Лиза грубыми, крепкими пальцами заправила под платок выбившуюся прядь темных волос.

- Надеюсь, кто он - пояснять не надо. - И она прокуковала: - Ку-ку, ку-ку... Понятно?

- Тебе виднее. Ты все знаешь и все видишь.

- Первый вопрос повестки дня вроде исчерпан.

Лиза, стремясь доказать свое превосходство в предстоящем поединке, настроилась на полунасмешливый тон.

Слушая непонятные Лизины слова, Наташа чувствовала только, как шумит в голове: "Неужели он встречается с ней?
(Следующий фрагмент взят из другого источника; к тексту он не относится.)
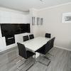 Über eine Flügeltüre mit Glas betreten Sie das einladende Wohnzimmer mit einer offenen Küche und angrenzendem Essbereich.

Как же так? А говорил-то!.."

Прежде всего, она обвинила за глупую доверчивость себя и за непостоянство и обман - его, Маковеева. "Крутился лисой, а, выходит, хуже волка".

Но самое острое и необъяснимое чувство ненависти родилось у нее к стоящей перед ней Лизе. Она никак не могла подобрать более веских слов для ответа.

- Да, я думала...

- Я не знаю, что ты думала, - уверенным голосом перебила ее Лиза, только ты его лучше оставь. Человек он доверчивый, городскими еще не испорчен.

- Что ты ко мне пристала? Чего тебе нужно?

- Одно: не встречаться с ним. - У Лизы тяжелый, осуждающий взгляд. Не послушаешься моего совета, то найду другой способ. Но избавлю его от тебя.

- Не обещаю. И не могу обещать, - подавленно прошептала Наташа.

- Подумаешь, любовь какая! Три раза встретились и уже - любовь!..

- Да, любовь!.. Любовь, понимаешь ты это? - вскинув голову, она шагнула к Лизе. - Любовь!.. - тверже и упрямей повторила она.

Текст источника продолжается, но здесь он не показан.